Throttling turns up bugs that would otherwise be found with load testing or that would be exposed by a DOS attack.
Node hang
The node hang fault type simulates a node hanging and becoming totally unresponsive for a temporary period of time. After the hang begins, we will restore the node to proper functioning after a random period of time has elapsed.
Thread pausing
The thread pausing fault type simulates one individual thread taking an unexpectedly long time to execute. Threads are paused for small periods of time. These small pauses cause threads to interleave unexpectedly, and differently in each test run. For thread pausing to work, a program must be instrumented.
Clock jitter
The clock jitter fault type simulates changes to the system clock, such as daylight savings time, leap seconds, and administrators changing the timezone. The system clock can be moved forward and backwards. This fault affects all pods equally, which is an exception to our general rule of applying faults at the pod-level.
These leaps in time surface bugs in processes that depend on small, consistent changes in system time. Calls to intrinsics – such as __rdtsc()
– will not be affected.
CPU modulation
The CPU modulation fault type simulates running your entire cluster on different hardware. The clock speed of the simulated processor can be changed, and the relative performance of different low-level processor operations may also change (for example, changing the speed of particular instructions while keeping the same overall clock speed). This fault surfaces bugs by changing the order in which concurrent threads or processes execute and can trigger some of the same bugs as our Thread Pausing fault without incurring the overhead of our instrumentation.
Node termination
The node termination fault type simulates a node terminating either by shutting down gracefully or by crashing. Cloud-deployed architectures will always need to be robust to machine transience. After each of these events, we will restore the node to proper functioning after a random period of time has elapsed.
Nodes which have restarted may change IP addresses upon rejoining the network. Nodes which have restarted may keep durably synced filesystem changes, or may lose all of their modified data and boot fresh from their image. If you are testing a data storage system, and want to configure more detailed durability behavior for particular directories, Contact us and we can customize this functionality.
Custom
You can create your own faults – you know your software best! The above types are all available to enable you to immediately begin injecting common faults. But you can also write your own script or program that simulates some sort of a fault, and our fault injector will invoke it at random intervals.

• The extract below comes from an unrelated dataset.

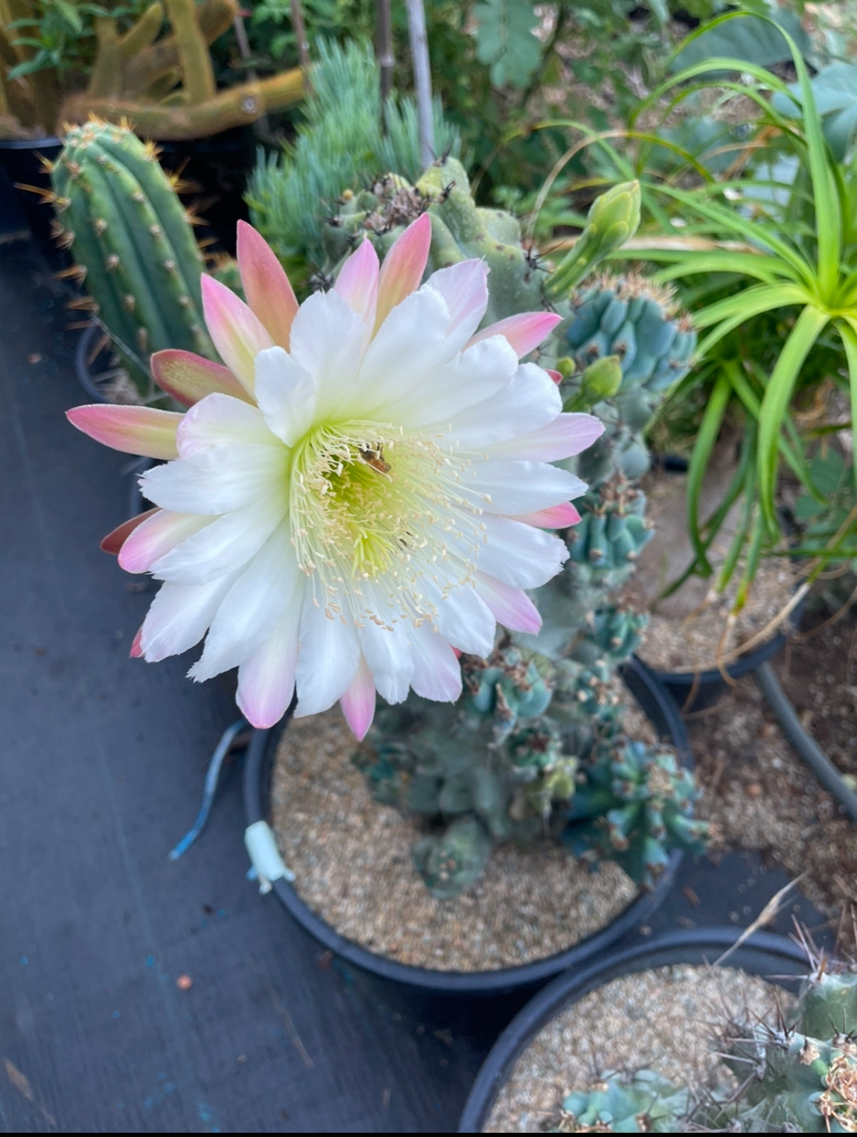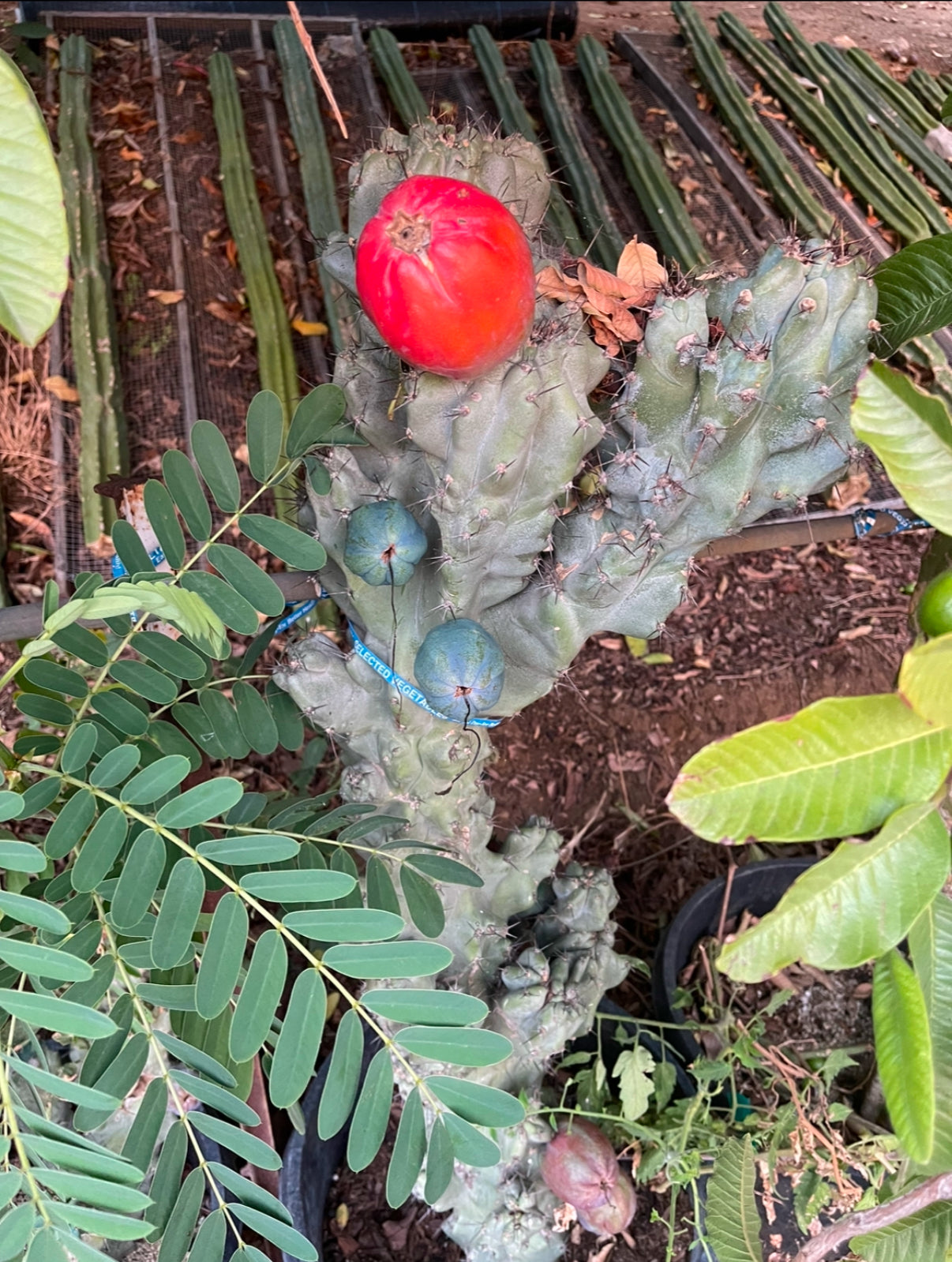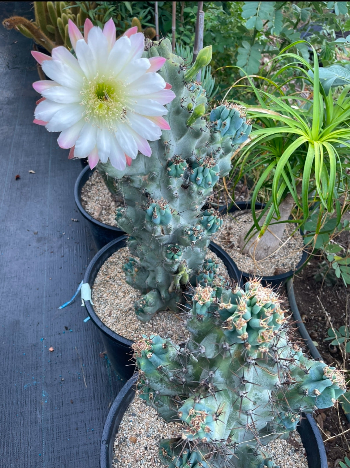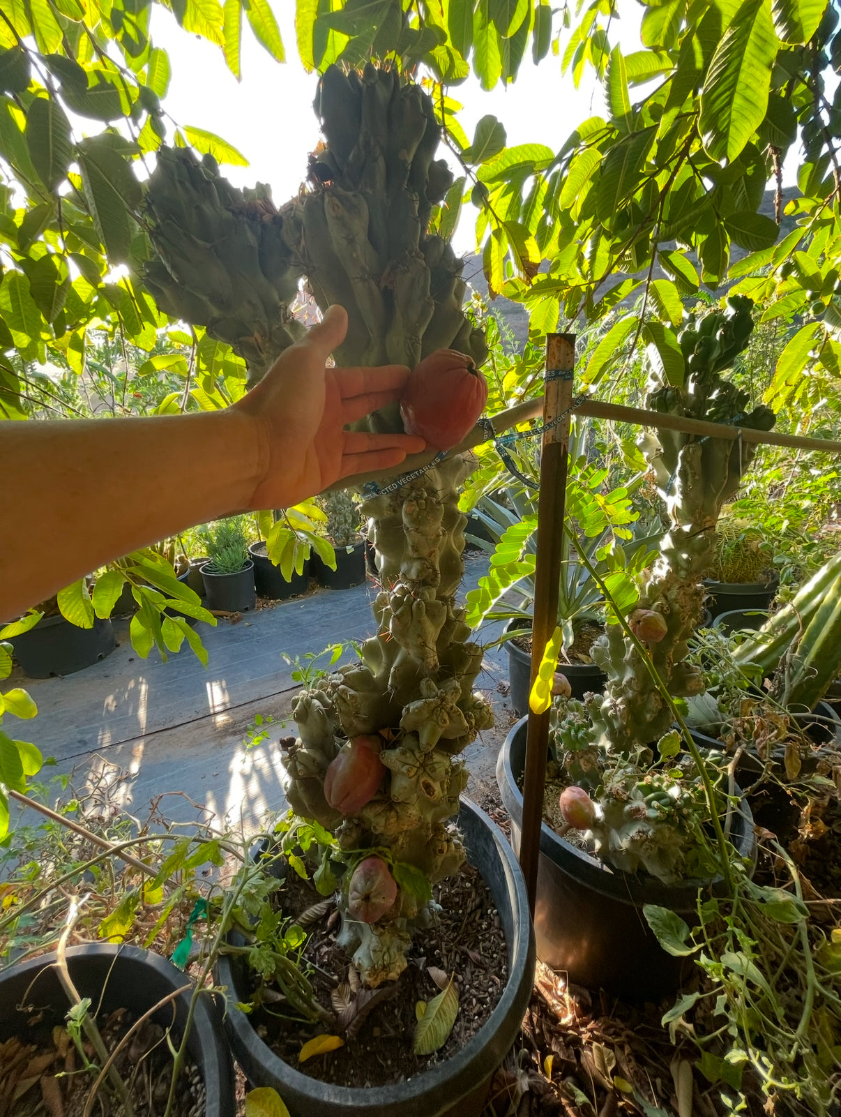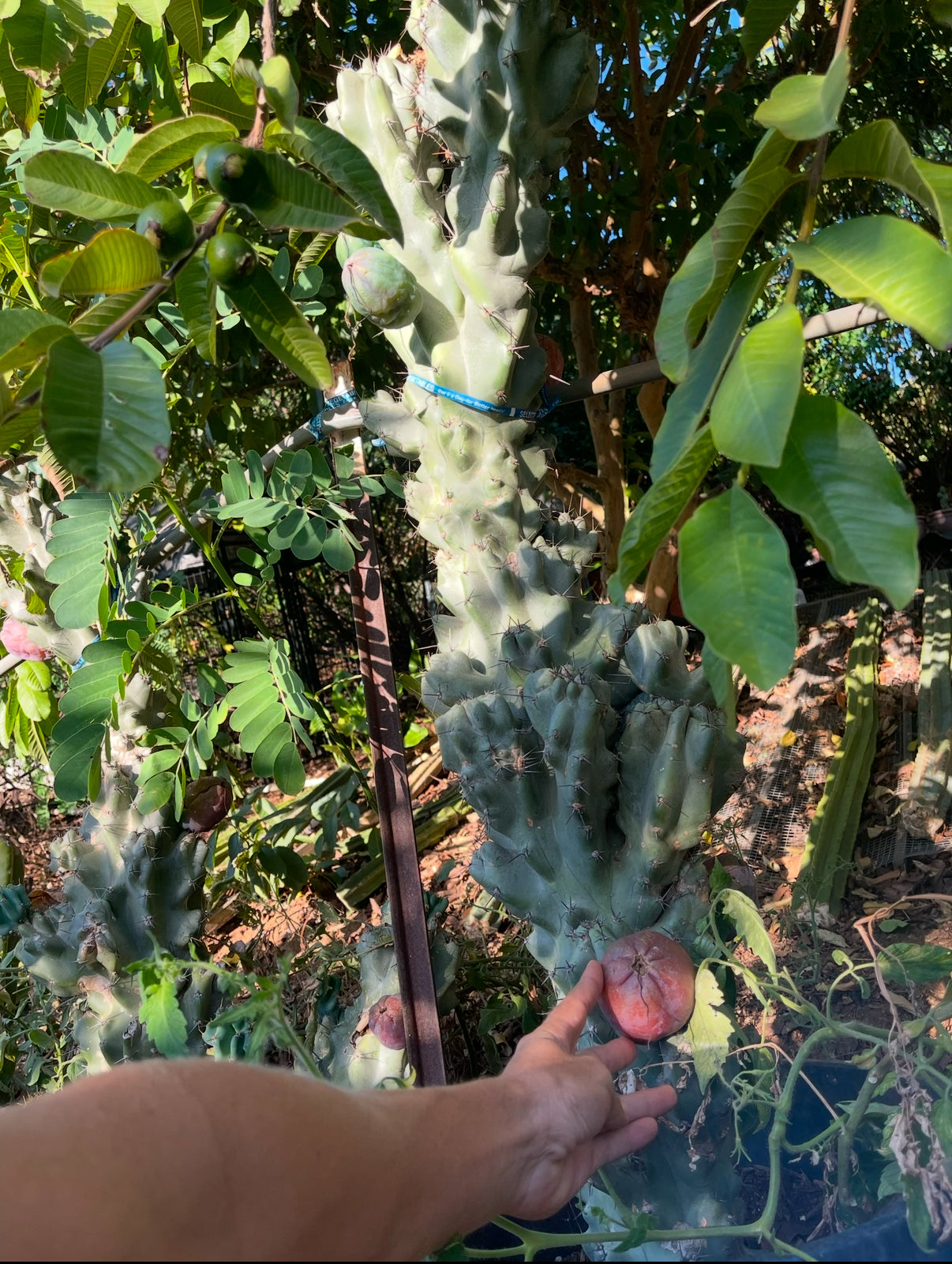 Produces an edible fruit at a very young age - very fragrant with delicious texture! Very easy to grow , gets a beautiful flower with pink outer petal and a white center face ! This flower gets HUGE ! The fruit is also quite large , earning its common name of the cactus apple , fruits are completely thornless with absolutely no prickers ! Actual cutting is pictured $ the other photos of larger stands are just examples of how it will grow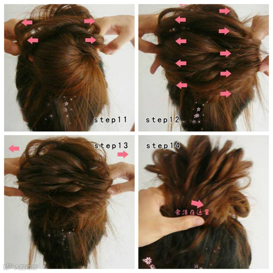 把后面的头发按图片箭头的方向拉成花的形状,让头发看起来更加的蓬松。

Popular usages include connecting to administrative APIs and changing system configuration, triggering compaction or garbage-collection events, or forking troublesome background processes. Note that your custom fault can invoke our SDKs and, in particular, can use the SDK to draw random numbers which your custom fault can rely on. Your custom fault might therefore execute some default behavior 90% of the time, but a more pathological behavior 10% of the time.
If you write a test action that simulates a fault, you could choose to define it as a custom fault, or you could have it be invoked by your test template. A custom fault is more flexible, as you will be able to run it in any one of your pods, whereas your workload will be in its own container and will be less able to affect the rest of the system. However, making the workload in charge of invoking your custom fault will give you fine-grained control over when it runs. This might be better if you believe that the fault ought to be invoked in very specific circumstances or as part of a custom validation step.